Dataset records
<<<<
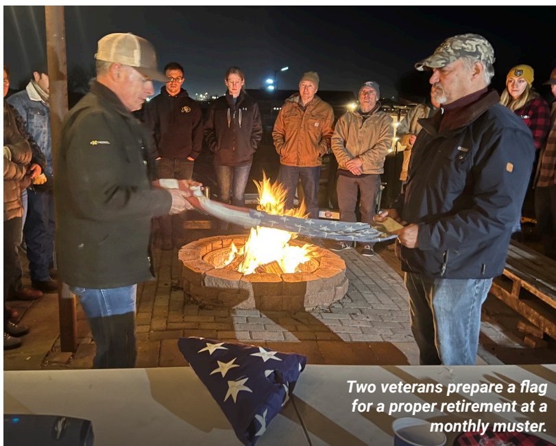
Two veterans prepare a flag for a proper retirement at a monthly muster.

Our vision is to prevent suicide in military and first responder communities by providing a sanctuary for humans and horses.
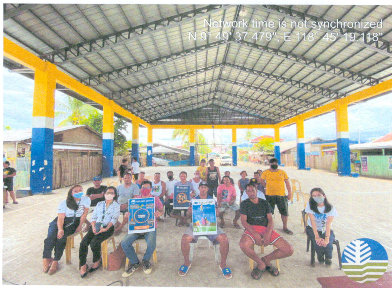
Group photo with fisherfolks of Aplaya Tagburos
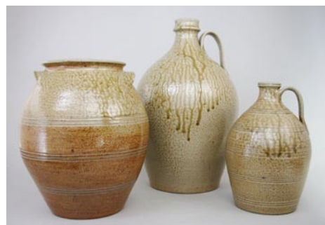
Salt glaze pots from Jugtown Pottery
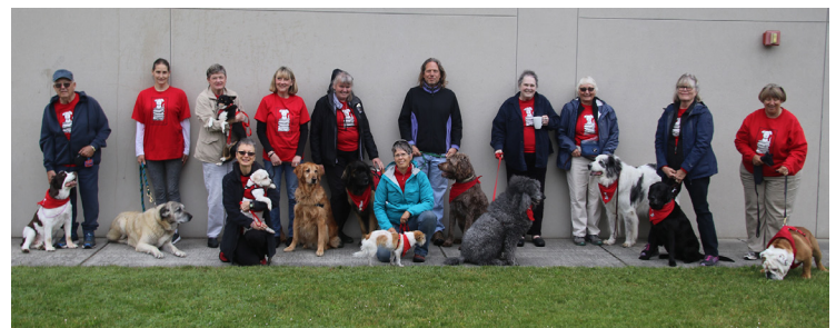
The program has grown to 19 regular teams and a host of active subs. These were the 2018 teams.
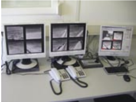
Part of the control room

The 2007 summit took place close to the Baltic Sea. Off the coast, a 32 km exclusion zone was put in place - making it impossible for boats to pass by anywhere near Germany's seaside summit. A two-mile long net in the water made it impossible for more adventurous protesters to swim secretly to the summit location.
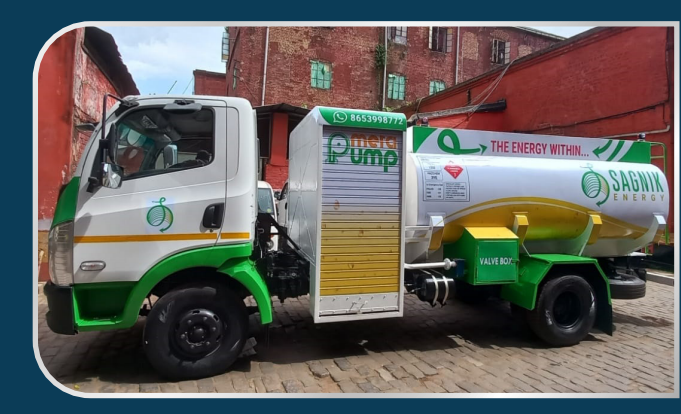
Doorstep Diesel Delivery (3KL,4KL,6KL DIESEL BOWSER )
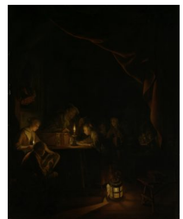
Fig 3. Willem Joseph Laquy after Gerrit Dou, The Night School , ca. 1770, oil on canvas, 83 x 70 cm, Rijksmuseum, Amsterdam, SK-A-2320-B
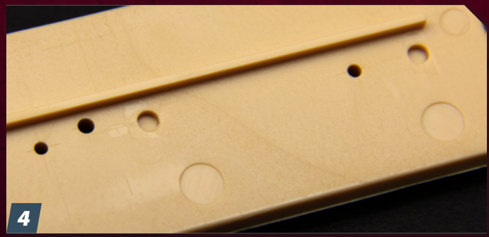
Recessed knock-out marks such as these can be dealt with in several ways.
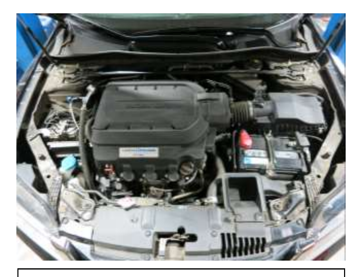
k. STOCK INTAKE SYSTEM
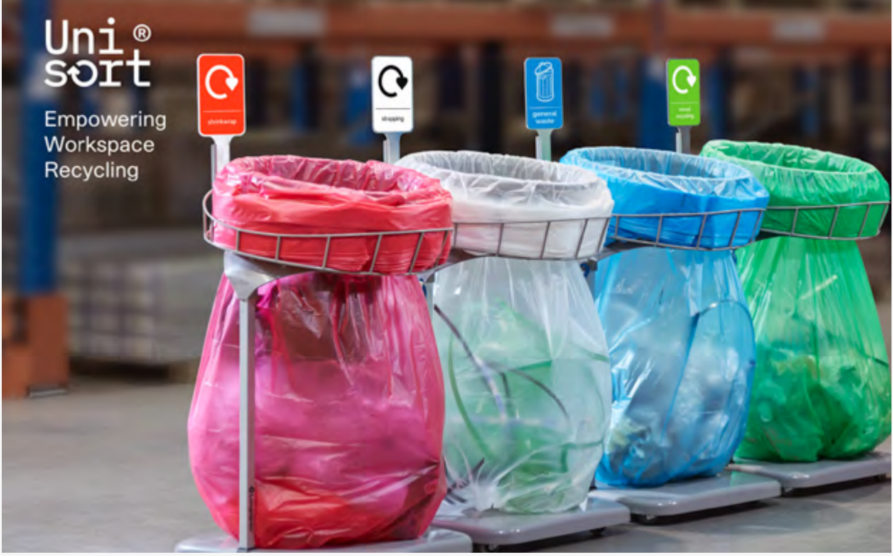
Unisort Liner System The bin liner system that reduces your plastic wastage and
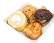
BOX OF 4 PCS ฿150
>>>>
* [EXERCISE AIM]: Only lines from the one holding "k. STOCK INTAKE SYSTEM" through the last line of the entries above are wanted, both ends included, each retyped exactly; no pictures.

* [ANSWER TO THIS EXERCISE]:
k. STOCK INTAKE SYSTEM
Unisort Liner System The bin liner system that reduces your plastic wastage and
BOX OF 4 PCS ฿150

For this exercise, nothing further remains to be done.